Japan’s big three – Toyota, Nissan and Honda – plan to lead discussions to create a standardised design for next-generation automotive chips that it hopes to have ready by March 2029. The goal is to build a sort of ‘Intel inside’ advantage for Japanese (and other) car manufacturers that sign up for the technology adoption.
The chips used in modern cars, along with the associated design and intellectual property that must go with them, make up far and away the bulk of vehicle manufacturing costs. So a standard approach and set of underpinnings offer both huge upfront design cost reductions and a lower cost per vehicle assembled. The approach will also help speed up the introduction of new models and model variants to market while full vehicle programmability means continuous over-the-air software updates are possible, greatly reducing the need for vehicle ‘recalls’ to fix problems. This alone should reduce the number and severity of the physical recalls currently bedeviling ‘legacy’ car builders.
To get the fundamentals right, the initiative, led by the Advanced SoC Research for Automotive (ASRA), is setting much store by the development of a set of standard ‘chiplets’ – small, specialised chips – which are envisaged to form the basis of the consortium’s tech turnaround.
It maintains that a foundational chiplet design could meet the needs of as many car manufacturers as possible, saving carmakers both time and money as there is no need to develop a custom chip for each of their models and they could instead create several types of chips, including a “base chip” that could be scaled according to the capabilities required by a specific lineup. For instance, a small, modestly priced car for an emerging market might need only one base chip, whereas a fully autonomous electric vehicle (EV) would require a series of base chips along with an AI chip.
The Japanese car manufacturer arguably most in need of a reset of this nature is Nissan Motor, which this month announced a significant downgrade to its full-year earnings forecast. It said it expected to post a net loss of 700bn yen to 750bn yen ($4.91bn to $5.26bn) for fiscal 2024, its biggest loss ever, due to “changes in the competitive environment and deterioration in sales performance”.
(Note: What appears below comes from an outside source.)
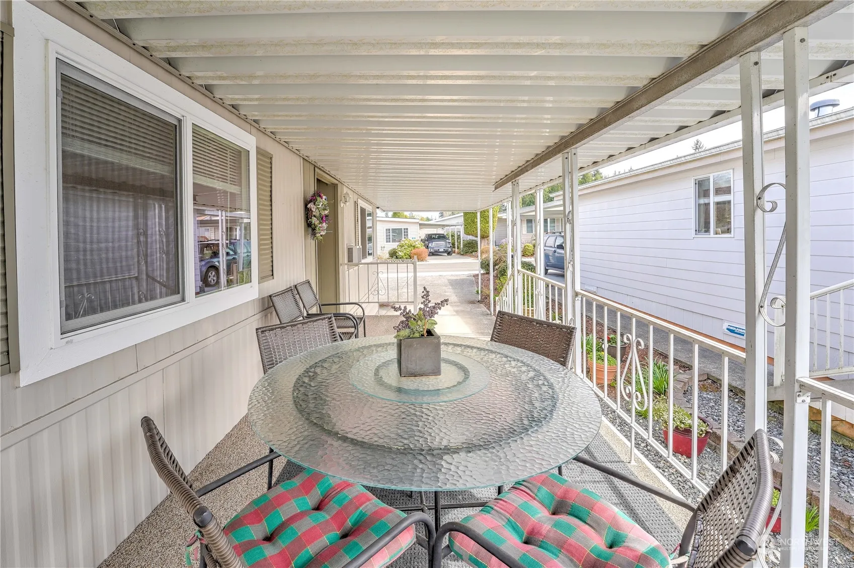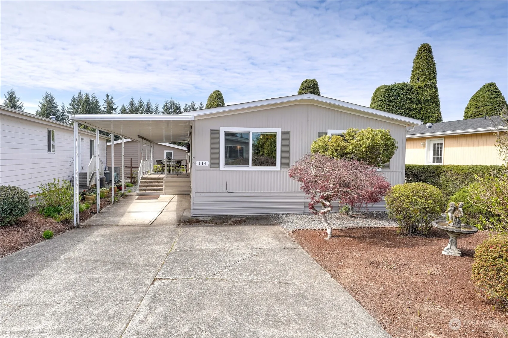 Welcome Home to the desirable 55+ community of Green Acres Park! Very well maintained, 2 bedroom, 2 bathroom, 1048 SQ FT Home. Charming low-maintenance residence ideal for discerning buyers. Lovely landscaped garden with manicured trees/flowers. Freshly painted interior/exterior, newer insulated windows. Bright living room, built-in dining hutch, inviting kitchen. Utility room with new washer/dryer. Spacious main bath, primary suite with private shower. Generously sized 2nd bedroom. Perfect for comfortable yet effortless living. Move-in ready! Nice size shed in the backyard for extra storage. Walking trails throughout park, community clubhouse and tons of additional guest parking! You will love this home and community.

Some sort of collaboration between the big three has been on the table for some time, but has so far stalled. However, China’s electric vehicle acceleration – for example, BYD emerging as the leading EV vendor by revenues, toppling Tesla from pole position – and Trump’s tariff disruption will likely spur action. Where once the big three appeared reluctant to surrender their corporate autonomy in the interests of collective advantage, Japan’s vehicle manufacturers are now actively exploring collaborative options as competitive threats grow stronger – see Huawei shifts up a gear with China’s EV sector.
One big difference between the Chinese and Japanese car industries, note observers, is that Japanese carmakers tend to support a wide range of vehicle offerings – Toyota, in particular, has adopted what it calls a “multi-pathway approach” involving full electric, hybrid and and even hydrogen technologies to power them. The obvious downside with this approach is that it multiplies the number of technologies a vehicle assembler is obliged to support and develop. The Chinese manufacturers, by contrast, have tended to concentrate on pure EVs, thus largely sidestepping that problem for the time being.
An alternative view is that Chinese carmakers have pulled ahead partly because of a sharply different design philosophy compared to the Japanese. Chinese and other leading EV manufacturers, it’s said, prefer to select software first and then ensure the appropriate hardware is in place; while Japan’s auto giants tend to prioritise a vehicle’s hardware and then determine the software and semiconductors that will control it, leaving decisions on software and chips until a later phase of the development process, at which point it’s harder to select the best and most efficient components.
For Japan, an innovative chiplet approach to its digital building blocks might make a lot of sense, enabling it to maintain a diversity of output while still enjoying the scale advantages of using a common set of chips and software.